Records from a data collection:
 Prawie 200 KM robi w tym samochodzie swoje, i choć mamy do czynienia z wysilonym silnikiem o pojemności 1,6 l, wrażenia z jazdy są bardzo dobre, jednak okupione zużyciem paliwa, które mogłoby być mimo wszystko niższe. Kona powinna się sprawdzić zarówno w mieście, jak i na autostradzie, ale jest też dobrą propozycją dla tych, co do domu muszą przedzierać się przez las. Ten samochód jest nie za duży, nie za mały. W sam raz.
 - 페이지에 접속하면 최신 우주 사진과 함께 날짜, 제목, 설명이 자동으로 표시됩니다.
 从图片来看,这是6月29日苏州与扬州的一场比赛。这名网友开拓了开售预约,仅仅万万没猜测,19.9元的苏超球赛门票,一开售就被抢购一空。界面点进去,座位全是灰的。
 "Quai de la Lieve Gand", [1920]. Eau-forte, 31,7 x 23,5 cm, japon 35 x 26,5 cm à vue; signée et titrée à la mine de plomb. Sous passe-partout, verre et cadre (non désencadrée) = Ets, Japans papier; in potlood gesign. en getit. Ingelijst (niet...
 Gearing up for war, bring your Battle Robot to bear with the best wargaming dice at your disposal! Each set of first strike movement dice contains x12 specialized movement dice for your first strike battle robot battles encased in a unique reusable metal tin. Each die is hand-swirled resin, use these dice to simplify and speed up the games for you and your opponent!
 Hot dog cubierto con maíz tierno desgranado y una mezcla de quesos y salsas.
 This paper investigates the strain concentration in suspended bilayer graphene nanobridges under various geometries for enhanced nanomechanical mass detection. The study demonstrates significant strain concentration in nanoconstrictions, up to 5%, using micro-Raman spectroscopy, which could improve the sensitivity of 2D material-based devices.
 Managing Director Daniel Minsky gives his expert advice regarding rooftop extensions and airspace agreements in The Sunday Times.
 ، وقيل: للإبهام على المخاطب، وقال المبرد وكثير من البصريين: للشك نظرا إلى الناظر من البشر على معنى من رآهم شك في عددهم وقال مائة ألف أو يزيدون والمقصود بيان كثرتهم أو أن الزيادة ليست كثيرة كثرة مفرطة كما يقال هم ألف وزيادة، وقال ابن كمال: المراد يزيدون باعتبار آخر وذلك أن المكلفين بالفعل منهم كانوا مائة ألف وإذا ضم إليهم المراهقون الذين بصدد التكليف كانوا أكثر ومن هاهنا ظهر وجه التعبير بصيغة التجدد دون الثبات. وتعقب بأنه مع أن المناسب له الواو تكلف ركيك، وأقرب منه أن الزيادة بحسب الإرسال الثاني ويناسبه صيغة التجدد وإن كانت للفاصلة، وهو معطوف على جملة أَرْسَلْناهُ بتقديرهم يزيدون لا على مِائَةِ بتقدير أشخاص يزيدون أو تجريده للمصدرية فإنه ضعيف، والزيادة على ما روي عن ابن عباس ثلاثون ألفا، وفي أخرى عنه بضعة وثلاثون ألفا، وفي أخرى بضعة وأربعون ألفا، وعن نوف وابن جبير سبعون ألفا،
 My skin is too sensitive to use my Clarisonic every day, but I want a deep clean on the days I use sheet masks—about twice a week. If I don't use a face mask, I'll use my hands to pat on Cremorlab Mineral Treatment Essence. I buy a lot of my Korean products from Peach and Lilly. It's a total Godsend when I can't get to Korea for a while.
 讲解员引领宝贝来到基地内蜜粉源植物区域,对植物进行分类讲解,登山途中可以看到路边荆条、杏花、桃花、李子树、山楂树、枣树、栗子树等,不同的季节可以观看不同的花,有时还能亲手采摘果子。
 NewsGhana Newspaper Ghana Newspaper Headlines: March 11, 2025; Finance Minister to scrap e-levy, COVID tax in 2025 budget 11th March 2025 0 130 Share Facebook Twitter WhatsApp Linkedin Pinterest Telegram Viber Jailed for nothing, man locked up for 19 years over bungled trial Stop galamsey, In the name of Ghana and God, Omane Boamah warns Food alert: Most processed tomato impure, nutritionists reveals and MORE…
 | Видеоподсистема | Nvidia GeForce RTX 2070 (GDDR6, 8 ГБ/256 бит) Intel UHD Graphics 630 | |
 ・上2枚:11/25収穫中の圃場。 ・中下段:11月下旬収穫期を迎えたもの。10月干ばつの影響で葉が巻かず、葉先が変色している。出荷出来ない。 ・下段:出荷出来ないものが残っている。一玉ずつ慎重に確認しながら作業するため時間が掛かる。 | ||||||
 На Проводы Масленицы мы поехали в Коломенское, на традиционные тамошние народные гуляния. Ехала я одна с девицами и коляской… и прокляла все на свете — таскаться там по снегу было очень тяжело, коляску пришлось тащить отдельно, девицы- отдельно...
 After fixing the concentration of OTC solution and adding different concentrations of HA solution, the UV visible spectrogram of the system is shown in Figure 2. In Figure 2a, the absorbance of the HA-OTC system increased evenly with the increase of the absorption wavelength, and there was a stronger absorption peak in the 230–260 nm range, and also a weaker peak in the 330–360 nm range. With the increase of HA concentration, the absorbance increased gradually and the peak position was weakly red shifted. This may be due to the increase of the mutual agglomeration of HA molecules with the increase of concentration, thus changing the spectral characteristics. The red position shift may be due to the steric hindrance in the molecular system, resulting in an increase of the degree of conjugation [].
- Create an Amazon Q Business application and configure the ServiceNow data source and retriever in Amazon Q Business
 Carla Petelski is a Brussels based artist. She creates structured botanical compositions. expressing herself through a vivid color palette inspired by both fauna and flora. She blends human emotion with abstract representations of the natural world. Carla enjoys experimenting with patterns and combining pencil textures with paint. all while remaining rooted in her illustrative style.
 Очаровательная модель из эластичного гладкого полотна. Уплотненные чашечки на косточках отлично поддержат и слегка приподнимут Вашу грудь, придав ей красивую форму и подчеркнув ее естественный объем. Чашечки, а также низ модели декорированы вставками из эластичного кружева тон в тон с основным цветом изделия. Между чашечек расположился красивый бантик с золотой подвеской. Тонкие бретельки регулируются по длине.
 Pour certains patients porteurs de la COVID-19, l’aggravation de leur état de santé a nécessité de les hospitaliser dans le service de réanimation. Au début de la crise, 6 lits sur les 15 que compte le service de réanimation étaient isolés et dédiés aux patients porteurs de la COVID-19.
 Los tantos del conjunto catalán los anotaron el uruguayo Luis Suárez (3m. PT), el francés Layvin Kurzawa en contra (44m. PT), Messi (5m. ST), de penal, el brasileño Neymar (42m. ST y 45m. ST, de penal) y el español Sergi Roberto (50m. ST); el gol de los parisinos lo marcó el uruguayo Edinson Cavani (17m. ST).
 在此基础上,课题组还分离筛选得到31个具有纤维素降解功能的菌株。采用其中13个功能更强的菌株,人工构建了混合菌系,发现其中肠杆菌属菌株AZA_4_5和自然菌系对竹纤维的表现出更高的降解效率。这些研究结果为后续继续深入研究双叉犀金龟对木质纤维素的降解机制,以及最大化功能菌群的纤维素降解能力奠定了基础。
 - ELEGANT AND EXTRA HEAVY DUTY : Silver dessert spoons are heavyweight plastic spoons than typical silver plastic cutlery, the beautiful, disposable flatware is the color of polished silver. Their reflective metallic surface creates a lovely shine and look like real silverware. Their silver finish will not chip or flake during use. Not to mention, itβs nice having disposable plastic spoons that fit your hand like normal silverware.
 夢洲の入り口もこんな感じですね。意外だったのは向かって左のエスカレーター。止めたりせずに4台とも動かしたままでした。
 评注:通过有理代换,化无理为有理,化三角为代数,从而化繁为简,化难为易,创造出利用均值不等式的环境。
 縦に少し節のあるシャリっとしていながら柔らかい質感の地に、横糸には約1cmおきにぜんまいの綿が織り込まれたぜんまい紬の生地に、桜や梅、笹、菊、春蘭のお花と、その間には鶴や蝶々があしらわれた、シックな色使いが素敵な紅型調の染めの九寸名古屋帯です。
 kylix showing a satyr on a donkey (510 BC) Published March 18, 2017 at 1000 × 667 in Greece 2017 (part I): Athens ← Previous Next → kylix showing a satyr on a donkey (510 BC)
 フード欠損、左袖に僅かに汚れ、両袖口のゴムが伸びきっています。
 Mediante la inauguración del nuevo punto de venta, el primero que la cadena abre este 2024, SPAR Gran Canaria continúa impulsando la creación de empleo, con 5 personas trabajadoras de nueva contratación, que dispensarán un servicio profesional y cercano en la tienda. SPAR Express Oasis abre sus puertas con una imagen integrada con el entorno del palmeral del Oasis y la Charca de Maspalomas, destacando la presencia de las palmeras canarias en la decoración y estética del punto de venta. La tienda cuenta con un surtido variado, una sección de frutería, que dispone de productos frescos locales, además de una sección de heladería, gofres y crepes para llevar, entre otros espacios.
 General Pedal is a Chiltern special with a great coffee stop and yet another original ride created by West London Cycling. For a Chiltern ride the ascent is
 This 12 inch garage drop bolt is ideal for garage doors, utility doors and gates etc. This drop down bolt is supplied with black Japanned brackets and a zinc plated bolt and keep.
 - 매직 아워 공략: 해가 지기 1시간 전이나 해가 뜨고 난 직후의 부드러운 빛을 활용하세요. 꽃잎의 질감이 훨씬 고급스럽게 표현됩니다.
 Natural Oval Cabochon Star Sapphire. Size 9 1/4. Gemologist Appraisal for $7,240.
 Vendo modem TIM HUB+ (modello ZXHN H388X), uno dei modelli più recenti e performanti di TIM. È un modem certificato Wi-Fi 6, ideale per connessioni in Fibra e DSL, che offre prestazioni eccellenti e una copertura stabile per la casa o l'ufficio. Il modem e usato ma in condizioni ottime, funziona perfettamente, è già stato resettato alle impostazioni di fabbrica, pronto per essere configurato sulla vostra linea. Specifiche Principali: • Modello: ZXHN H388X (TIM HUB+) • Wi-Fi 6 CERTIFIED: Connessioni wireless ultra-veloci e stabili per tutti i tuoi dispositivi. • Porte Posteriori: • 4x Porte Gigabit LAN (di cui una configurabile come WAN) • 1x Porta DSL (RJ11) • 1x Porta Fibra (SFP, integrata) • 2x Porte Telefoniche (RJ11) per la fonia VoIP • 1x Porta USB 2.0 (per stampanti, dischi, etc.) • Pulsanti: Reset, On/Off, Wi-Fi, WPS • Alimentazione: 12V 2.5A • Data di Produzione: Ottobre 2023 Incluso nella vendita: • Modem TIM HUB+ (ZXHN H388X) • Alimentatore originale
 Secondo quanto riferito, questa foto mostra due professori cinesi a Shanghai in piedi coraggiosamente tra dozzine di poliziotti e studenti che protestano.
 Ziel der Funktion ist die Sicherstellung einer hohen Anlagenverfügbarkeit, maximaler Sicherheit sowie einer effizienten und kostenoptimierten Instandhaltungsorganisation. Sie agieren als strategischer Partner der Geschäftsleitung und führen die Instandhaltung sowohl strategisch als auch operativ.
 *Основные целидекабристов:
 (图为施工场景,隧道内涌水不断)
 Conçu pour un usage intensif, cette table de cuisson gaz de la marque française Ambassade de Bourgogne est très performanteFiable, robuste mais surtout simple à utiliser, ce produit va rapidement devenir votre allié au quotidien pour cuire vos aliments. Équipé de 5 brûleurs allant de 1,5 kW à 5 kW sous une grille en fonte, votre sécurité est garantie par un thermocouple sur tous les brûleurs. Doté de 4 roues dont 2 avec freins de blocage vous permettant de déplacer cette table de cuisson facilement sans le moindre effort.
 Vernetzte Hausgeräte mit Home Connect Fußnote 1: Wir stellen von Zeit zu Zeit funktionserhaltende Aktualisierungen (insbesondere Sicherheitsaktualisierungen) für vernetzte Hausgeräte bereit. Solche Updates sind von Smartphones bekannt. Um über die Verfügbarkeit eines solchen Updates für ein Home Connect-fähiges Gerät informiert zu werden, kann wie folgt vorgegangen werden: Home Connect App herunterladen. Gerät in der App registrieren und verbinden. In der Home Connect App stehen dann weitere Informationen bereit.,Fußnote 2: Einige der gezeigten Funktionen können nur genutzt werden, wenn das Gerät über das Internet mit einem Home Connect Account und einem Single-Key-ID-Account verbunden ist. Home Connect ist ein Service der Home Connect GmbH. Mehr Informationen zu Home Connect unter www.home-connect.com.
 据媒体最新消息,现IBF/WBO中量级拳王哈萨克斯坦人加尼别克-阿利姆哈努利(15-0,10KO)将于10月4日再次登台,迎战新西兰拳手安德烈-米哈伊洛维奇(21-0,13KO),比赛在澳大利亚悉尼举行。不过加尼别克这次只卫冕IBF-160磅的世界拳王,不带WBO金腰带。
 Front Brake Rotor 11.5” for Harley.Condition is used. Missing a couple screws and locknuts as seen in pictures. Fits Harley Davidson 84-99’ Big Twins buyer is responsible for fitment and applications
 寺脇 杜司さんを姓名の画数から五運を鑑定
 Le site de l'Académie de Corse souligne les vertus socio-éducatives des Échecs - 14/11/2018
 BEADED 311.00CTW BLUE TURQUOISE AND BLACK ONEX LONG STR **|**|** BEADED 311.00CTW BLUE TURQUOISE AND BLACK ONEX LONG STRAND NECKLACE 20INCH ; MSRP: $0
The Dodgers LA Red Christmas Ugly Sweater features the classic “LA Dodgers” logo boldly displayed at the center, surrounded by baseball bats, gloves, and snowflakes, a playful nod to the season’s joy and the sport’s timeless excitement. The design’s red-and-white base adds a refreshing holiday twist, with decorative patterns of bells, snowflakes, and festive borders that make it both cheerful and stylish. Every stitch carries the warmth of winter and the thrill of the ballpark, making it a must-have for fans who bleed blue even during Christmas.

> **TASK TO CARRY OUT**
Only the lines above, from the first through the one holding "getit. Ingelijst (niet...", are to be output, and they must be copied exactly.

> **TASK RESULT**
 Prawie 200 KM robi w tym samochodzie swoje, i choć mamy do czynienia z wysilonym silnikiem o pojemności 1,6 l, wrażenia z jazdy są bardzo dobre, jednak okupione zużyciem paliwa, które mogłoby być mimo wszystko niższe. Kona powinna się sprawdzić zarówno w mieście, jak i na autostradzie, ale jest też dobrą propozycją dla tych, co do domu muszą przedzierać się przez las. Ten samochód jest nie za duży, nie za mały. W sam raz.
 - 페이지에 접속하면 최신 우주 사진과 함께 날짜, 제목, 설명이 자동으로 표시됩니다.
 从图片来看,这是6月29日苏州与扬州的一场比赛。这名网友开拓了开售预约,仅仅万万没猜测,19.9元的苏超球赛门票,一开售就被抢购一空。界面点进去,座位全是灰的。
 "Quai de la Lieve Gand", [1920]. Eau-forte, 31,7 x 23,5 cm, japon 35 x 26,5 cm à vue; signée et titrée à la mine de plomb. Sous passe-partout, verre et cadre (non désencadrée) = Ets, Japans papier; in potlood gesign. en getit. Ingelijst (niet...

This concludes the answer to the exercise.